Binaural streaming by frequency-proximity was investigated without subjective listener-feedback by modifying the scale illusion of Deutsch [J. Acoust. Soc. Am. 57, 1156–1160 (1975)] into a detection-task. Nineteen listeners had to detect one deviation within a repeating melody stream, while simultaneously presented with a randomized distractor stream. Every second note in each stream was presented to the opposite ear, requiring binaural streaming to detect the deviant. Listeners performed well in this test but adding interaural delay or timbre-difference let the listeners group by lateralization instead. This confirms the grouping by frequency-proximity. The method could be used to investigate binaural streaming in hearing-impaired patients, where interaural percepts might differ.

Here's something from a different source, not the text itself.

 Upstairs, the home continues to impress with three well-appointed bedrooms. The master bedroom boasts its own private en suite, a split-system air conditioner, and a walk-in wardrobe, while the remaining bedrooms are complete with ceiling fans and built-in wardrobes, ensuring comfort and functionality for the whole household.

In 1975, Deutsch aimed to investigate streaming of dichotically presented melodies and described an auditory percept called the scale illusion (Deutsch, 1975). The illusion was composed of two melody streams at different frequency ranges, one high and one low, out of the components of one musical scale. Both streams ascend and descend in frequency over eight notes. The streams were presented in such a way that every second note from each of the two streams was played to the other ear, in a pattern symmetrical to the middle of the repeating sequence of eight notes. So, when one component of the higher melody was in one ear, a component of the lower melody was in the other ear, and vice versa. The intriguing effect of this stimulation was that listeners did not group the stimuli by ear of input, but instead by frequency range. Most right-handed listeners perceived the higher stream coming from the right and the lower stream coming from the left, whereas only about half of the left-handed listeners did report this percept (“both streams”). A minority of the right-handed listeners and the other half of the left-handed listeners reported to perceive only the higher stream with four tones going up and down, and little or nothing of the lower stream (“single stream”). Deutsch argued that this illusion outlined binaural streaming in which the Gestalt-principle of pitch-proximity overrides the lateralization cues. The illusion is only possible through binaural processing of the stimuli from both ears.

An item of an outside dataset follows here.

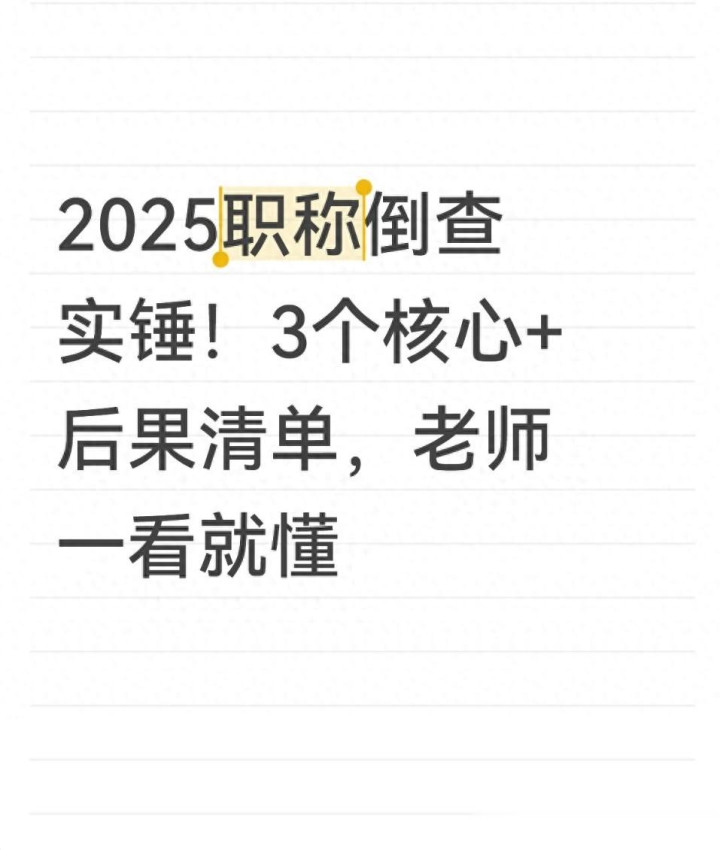 最后再提2个醒:别信“花钱摆平核查”的谣言,新规是常态化监管,走关系只会更麻烦;不用盲目焦虑,倒查淘汰的是违规者,反而让评审更公平。只要你材料真实、师德过硬、流程合规,就安心专注教学,完全不用怕核查。

The participants in the original study had to report verbally what they perceived. Describing the complex percept with two melodies precisely might be difficult for listeners without musical training and, likewise, the researcher might find it challenging to interpret the listener's descriptions correctly. This study aims to validate a method in which the ability to perceive the scale illusion will be assessed through a detection task. Once validated this method could be performed by listeners with asymmetrical hearing loss and fitted with different hearing devices such as one hearing aid and one cochlear implant (CI), to evaluate their ability to integrate signals across ears and devices.
Nineteen normal-hearing (NH) listeners participated in experiment I (aged 24 to 31; means 26.1 years, hearing-loss of less than 20 dB). Seven of the listeners were female, 11 musically trained, and three left-handed. They were all recruited at the Technical University of Denmark and provided written informed consent. All experiments were approved by the Science-Ethics Committee for the Capital Region of Denmark (reference H-16036391).
Participants were presented with sequences of notes that formed two melodies. Two types of stimuli were used to generate these melodies: pure tones and complex tones designed to vary on two distinct dimensions of timbre, impulsiveness, and brightness, as well as loudness. The interval between notes was 250 ms, as in the study by Deutsch (1975). All the pure-tone stimuli were loudness-balanced for each frequency and presented in a double-walled sound-isolated listening booth via Sennheiser HDA-200 headphones (Sennheiser electronic GmbH & Co. KG, Wedemark, Germany), driven by a Scarlett 2i2 soundcard (Focusrite Audio Engineering Limited, High Wycombe, UK).
The pure tones had duration of 250 ms with 10 ms half Hann-window ramps on the onset and offset. Their frequencies ranged from 262 to 523 Hz and were set according to the 12-tone equal-temperament tuning system. The complex tones were five-tone-harmonic complexes with duration of 200 ms including a 50 ms half Hann-window onset and offset. Their fundamental frequencies (F0) were set to equal those of the pure-tones, and to this F0, the first four harmonics were added. All complex tones' components were presented 6 dB below the level of the related pure tone.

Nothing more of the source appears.